» **Problem to solve**: In the records below, repeat word for word only the lines starting at the one that contains "CIUDAD DE MÉXICO, 08MAYO2024.- Monica" and ending at the one that contains "1969 Topps #628", pictures excluded.

» **Information supplied**:

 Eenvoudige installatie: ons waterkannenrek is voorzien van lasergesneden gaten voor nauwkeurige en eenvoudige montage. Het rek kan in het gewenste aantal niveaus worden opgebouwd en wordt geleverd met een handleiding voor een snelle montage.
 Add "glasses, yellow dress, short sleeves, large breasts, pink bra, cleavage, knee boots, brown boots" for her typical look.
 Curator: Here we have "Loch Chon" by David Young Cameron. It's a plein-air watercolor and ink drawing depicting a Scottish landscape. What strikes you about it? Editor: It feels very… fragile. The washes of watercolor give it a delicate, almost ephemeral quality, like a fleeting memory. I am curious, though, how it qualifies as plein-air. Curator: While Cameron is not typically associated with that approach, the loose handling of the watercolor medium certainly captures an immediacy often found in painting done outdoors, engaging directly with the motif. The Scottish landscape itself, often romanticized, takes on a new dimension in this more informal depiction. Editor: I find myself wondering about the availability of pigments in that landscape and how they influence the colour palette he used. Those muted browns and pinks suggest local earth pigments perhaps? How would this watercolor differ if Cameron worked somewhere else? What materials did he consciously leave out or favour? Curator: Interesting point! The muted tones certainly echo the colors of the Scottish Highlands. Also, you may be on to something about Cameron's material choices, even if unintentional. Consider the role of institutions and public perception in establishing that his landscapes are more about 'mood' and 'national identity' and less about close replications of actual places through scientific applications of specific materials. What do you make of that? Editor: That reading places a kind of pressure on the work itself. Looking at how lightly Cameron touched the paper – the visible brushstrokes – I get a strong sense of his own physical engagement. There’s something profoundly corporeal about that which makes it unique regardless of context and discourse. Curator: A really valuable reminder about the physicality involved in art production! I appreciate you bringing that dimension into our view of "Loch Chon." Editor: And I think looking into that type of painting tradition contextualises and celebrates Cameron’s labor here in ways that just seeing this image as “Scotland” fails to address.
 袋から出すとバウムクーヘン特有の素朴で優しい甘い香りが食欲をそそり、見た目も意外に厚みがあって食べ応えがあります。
--
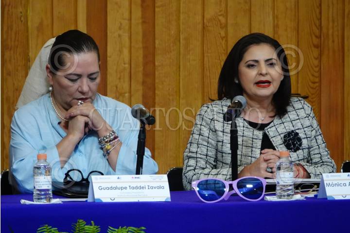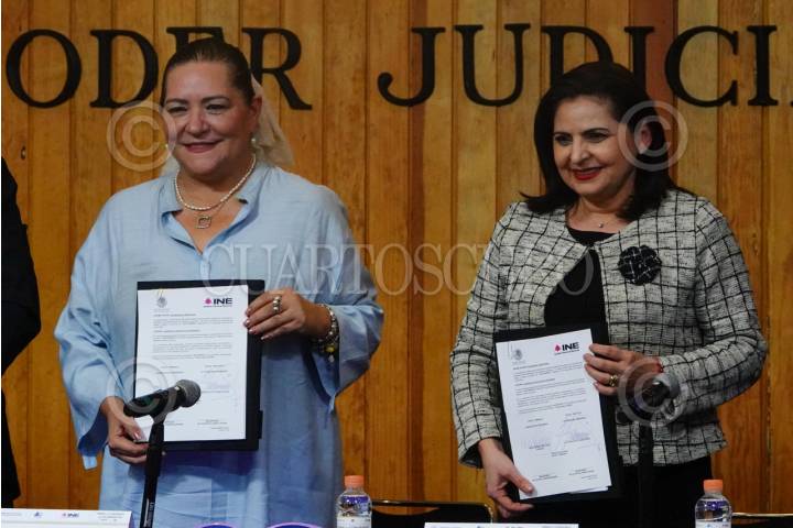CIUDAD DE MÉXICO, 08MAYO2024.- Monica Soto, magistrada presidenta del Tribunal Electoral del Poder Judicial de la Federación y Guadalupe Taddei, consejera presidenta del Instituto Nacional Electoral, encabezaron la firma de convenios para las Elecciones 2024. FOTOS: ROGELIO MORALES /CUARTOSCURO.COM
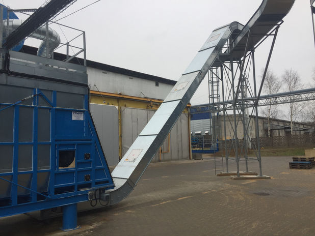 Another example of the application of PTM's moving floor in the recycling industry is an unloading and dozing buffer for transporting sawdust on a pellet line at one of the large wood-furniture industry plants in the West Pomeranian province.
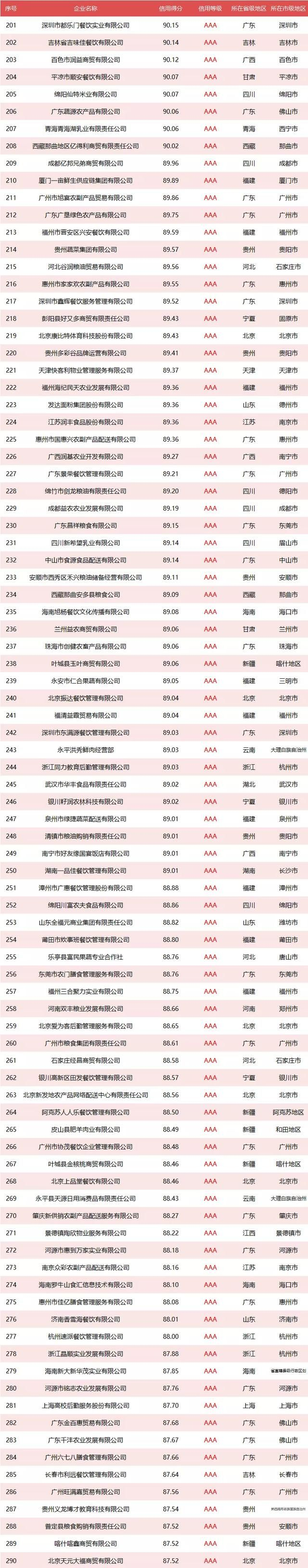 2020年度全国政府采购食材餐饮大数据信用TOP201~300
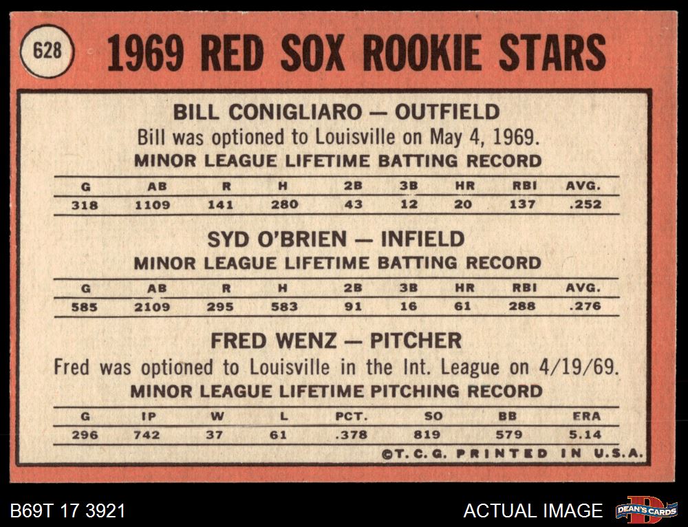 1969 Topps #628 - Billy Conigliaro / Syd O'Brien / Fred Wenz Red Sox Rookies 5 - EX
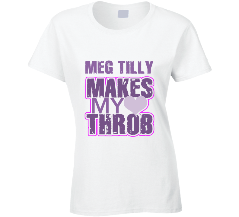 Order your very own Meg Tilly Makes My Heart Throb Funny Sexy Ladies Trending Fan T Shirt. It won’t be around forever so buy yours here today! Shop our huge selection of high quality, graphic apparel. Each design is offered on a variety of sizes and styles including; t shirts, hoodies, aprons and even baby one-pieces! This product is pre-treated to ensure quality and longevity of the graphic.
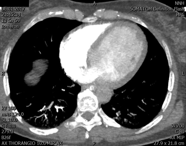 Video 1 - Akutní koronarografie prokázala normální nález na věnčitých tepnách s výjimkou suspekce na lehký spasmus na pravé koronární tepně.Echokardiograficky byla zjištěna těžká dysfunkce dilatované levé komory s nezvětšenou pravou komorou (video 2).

» **Reply to the exercise**:
CIUDAD DE MÉXICO, 08MAYO2024.- Monica Soto, magistrada presidenta del Tribunal Electoral del Poder Judicial de la Federación y Guadalupe Taddei, consejera presidenta del Instituto Nacional Electoral, encabezaron la firma de convenios para las Elecciones 2024. FOTOS: ROGELIO MORALES /CUARTOSCURO.COM
 Another example of the application of PTM's moving floor in the recycling industry is an unloading and dozing buffer for transporting sawdust on a pellet line at one of the large wood-furniture industry plants in the West Pomeranian province.
 2020年度全国政府采购食材餐饮大数据信用TOP201~300
 1969 Topps #628 - Billy Conigliaro / Syd O'Brien / Fred Wenz Red Sox Rookies 5 - EX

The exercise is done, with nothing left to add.